Led by Asher Sussman of Brooklyn, the investors are considering other deals to complement their first Oklahoma property, said Bill Holloway of Tulsa's Holloway Properties, who has taken over management of Birch Place.
"They're looking at another property in Tulsa to try and buy," said Holloway, a 22-year veteran of the Tulsa multifamily market. "I think they're going to buy other properties in Tulsa, perhaps in Oklahoma City."
Tulsa County Courthouse records indicate Birch Place Apartments LLC paid $30,578.51 per unit to Shay & Klahr Properties Inc. for the 35-year-old complex at 10851 E. 33rd St. That price, brokered by Sherry Remy of Heritage Realtors, topped the $28,894-per-unit average pre-1980s construction sold for in 2007, according to the Tulsa market report by Commercial Realty Resources Co. of Norman.
"It's real good," analyst Aaron Hargrove said, especially for a 1973 property with no swimming pool or other traditional amenities. "Three point seven million seems like a great price. It's just kind of odd that it's gone down in value or it appears to have gone down in value from what it sold a few years ago."
Hargrove, managing partner of the Tulsa-based The Apartment Brokerage Team, pointed out Birch Place sold at least three times over the last four years in the $3.9 million range, the deals arranged by Heritage Realtors.
"As this price is going down, the market is stronger," said Hargrove. "Overall values have gone up."
Holloway, who became involved in the transaction three weeks before closing, said the lower price for the Class B or B- property could reflect too much exuberance by previous buyers during a period of rising sales activity.
"Plain and simple, I think the seller probably paid too much for it," said Holloway. "He had to bring a couple hundred thousand dollars at closing. It was crippling on him. He either had too high a loan to value mortgage on it or he paid too much for it; I don't know which. It could have been that he borrowed money for this property against another property; I don't know."
Although Birch Place units have no washer and dryer hookups, like most 1970s properties, Holloway said the 12-building site carries very strong fundamental values, with a 93-percent occupancy rate and a location just off U.S. Highway 169.
"Quite frankly, it's in pretty nice condition," he said. "Except for maybe six to 10 deadbeats they put in there.
"Right after we bought it we had some skips," he said. "I think the seller probably put some people in there just to fill it up because we had about six move out the week that we closed."
That left Birch Place with 15 vacancies, which Holloway is addressing.
"We had about 29 broken windows that were probably replaced by now," Holloway said of deferred maintenance needs. "There's some wood rot that will be addressed around the buildings, basically just to bring it up to a little better condition than it's in now."

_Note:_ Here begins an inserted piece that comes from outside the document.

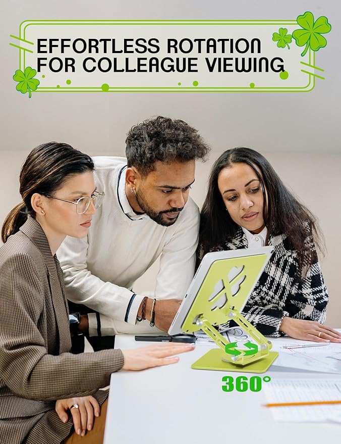 - 360° Rotating iPad Stand:This iPad stand features a 360° rotating base, letting you easily switch between landscape and portrait modes. Perfect for video calls, meetings, and online learning, it enhances your desk setup with flexibility and convenience

Outside of normal cosmetic touches like paint and carpet, Holloway doubts the new owners will need to make many other improvements.
Rental rates at the three-employee complex run from $525 for Birch Place's 89 two-bedroom units to $449 for its 32 one-bedroom units, said Property Manager Ely Gonzalez.
"That's a rare thing in Tulsa," Hargrove said of the two-bedroom floor-plan dominance. "A good thing."
Reflecting its east Tulsa location, Holloway said about half of the Birch Place tenants are Hispanic.
"Some of them have been there four to five years," he said. "They're good people."
The high occupancy rate surprised Hargrove, who had heard of several property owners experiencing problems after the state's immigration law kicked in on Nov. 1.
"Some people left town and they were struggling a little bit with some vacancy on some deals over there," he said. "That east Tulsa market is the softest area in town and it has been for a few years."
Not having been associated with the property that long, Holloway could not address that.
"We're just going to be more selective and definitive about who we put in there," he said. "But we're only about 7 percent vacancy. I would think we could get that down to 5 percent. Five is what you shoot for."